From: | Merlin Moncure <mmoncure(at)gmail(dot)com> |
---|---|
To: | Andy Halsall <halsall_andy(at)hotmail(dot)com> |
Cc: | pgsql-performance(at)postgresql(dot)org |
Subject: | Re: Can I do better than this heapscan and sort? |
Date: | 2012-06-26 13:36:54 |
Message-ID: | CAHyXU0zVGH_MsXjJu5-++V0ZYQkEBju1JZY41nqEVddrtUWoYw@mail.gmail.com |
Views: | Raw Message | Whole Thread | Download mbox | Resend email |
Thread: | |
Lists: | pgsql-performance |
On Thu, Jun 21, 2012 at 3:07 PM, Andy Halsall <halsall_andy(at)hotmail(dot)com> wrote:
> I have two tables node and relationship. Each relationship record connects
> two nodes and has an application keys (unfortunately named) that can be used
> by the application to look-up a relationship and get from one node to the
> other.
>
> My query uses a node id and a description of a relationship from the node,
> and must find the "next" relationship that the node has. It does this by
> finding all the relationships that could be "next", ordering them and then
> getting the first.
>
> Details are below but I end up with 6896 candidates for "next".
>
> If I'm reading the output correctly it takes 13.509 ms to apply the filter
> and another 7 ms or so to do the sort of the remaining 6896 nodes.
>
> Have tried many index combinations to try and improve the results. I suspect
> that with so many nodes to sort, postgresql will opt for heap scan rather
> than index. But why does it not use the IDX_order_sort_down_2 index for the
> sort?
>
> Thanks,
> Andy
>
>
> Details..........
>
> Version
> -------
> PostgreSQL 9.1.2 on x86_64-unknown-linux-gnu, compiled by gcc (GCC) 4.5.2,
> 64-bit
>
> Tables
> ------
> CREATE TABLE node (
> node_id bigint NOT NULL,
> node_type int4 NOT NULL,
> c_state int4 NOT NULL,
> d_state int4 NOT NULL,
> sort_key bigint NOT NULL,
> permissions bytea NOT NULL,
> audit bytea NOT NULL,
> pkg_id bytea NULL,
> created timestamp NOT NULL
> );
>
> CREATE TABLE relationship (
> rel_id bigint NOT NULL,
> rel_type integer NOT NULL,
> s_t_n bigint NOT NULL,
> t_s_n bigint NOT NULL,
> state integer NOT NULL,
> control integer NOT NULL,
> sort_key bigint NOT NULL,
> prime_key bytea NULL,
> prime_key_len integer NOT NULL,
> sec_key bytea NULL,
> sec_key_len integer NOT NULL,
> up_sort_key bigint NOT NULL,
> up_prime_key bytea NULL,
> up_prime_key_len integer NOT NULL,
> up_sec_key bytea NULL,
> up_sec_key_len integer NOT NULL,
> permissions bytea NOT NULL,
> t_s_n_type integer NOT NULL,
> created timestamp NOT NULL
> );
>
> Constraints
> -----------
> -- Primary keys
> ALTER TABLE node ADD CONSTRAINT PK_node PRIMARY KEY (node_id);
>
> ALTER TABLE relationship ADD CONSTRAINT PK_relationship PRIMARY KEY
> (rel_id);
>
> -- Foreign keys
> ALTER TABLE relationship ADD CONSTRAINT FK_node_s FOREIGN KEY (s_t_n)
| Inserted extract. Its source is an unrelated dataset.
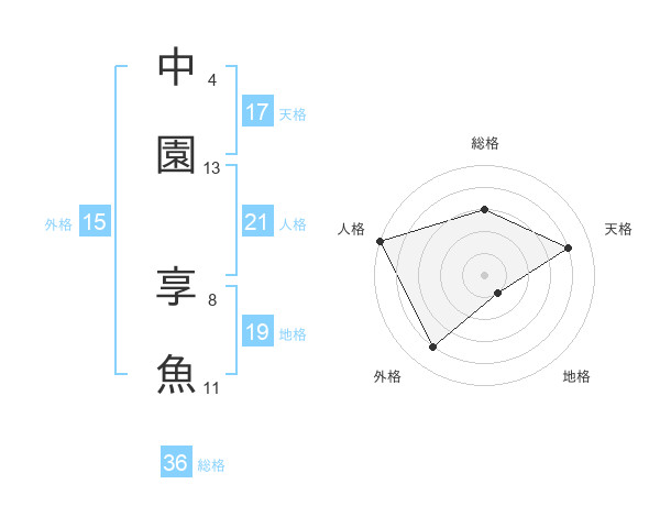 中園 享魚さんの天格は17画の4点!

> REFERENCES node (node_id);
>
> ALTER TABLE relationship ADD CONSTRAINT FK_node_n FOREIGN KEY (t_s_n)
> REFERENCES node (node_id);
>
>
> Indexes
> -------
> CREATE INDEX IDX_node_type ON node (node_type ASC) TABLESPACE ds_appex_ts_10
> ;
> CREATE INDEX IDX_node_sort_key ON node (sort_key ASC) TABLESPACE
> ds_appex_ts_10
> ;
> CREATE INDEX IDX_relationship_s_t_n ON relationship (s_t_n ASC) TABLESPACE
> ds_appex_ts_10
> ;
> CREATE INDEX IDX_relationship_t_s_n ON relationship (t_s_n ASC) TABLESPACE
> ds_appex_ts_10
> ;
> CREATE INDEX IDX_relationship_type ON relationship (rel_type ASC) TABLESPACE
> ds_appex_ts_10
> ;
> CREATE INDEX IDX_relationship_prime_key ON relationship (prime_key ASC)
> TABLESPACE ds_appex_ts_10
> ;
> CREATE INDEX IDX_relationship_u_prime_key ON relationship (up_prime_key ASC)
> TABLESPACE ds_appex_ts_10
> ;
> CREATE INDEX IDX_relationship_sec_key ON relationship (sec_key ASC)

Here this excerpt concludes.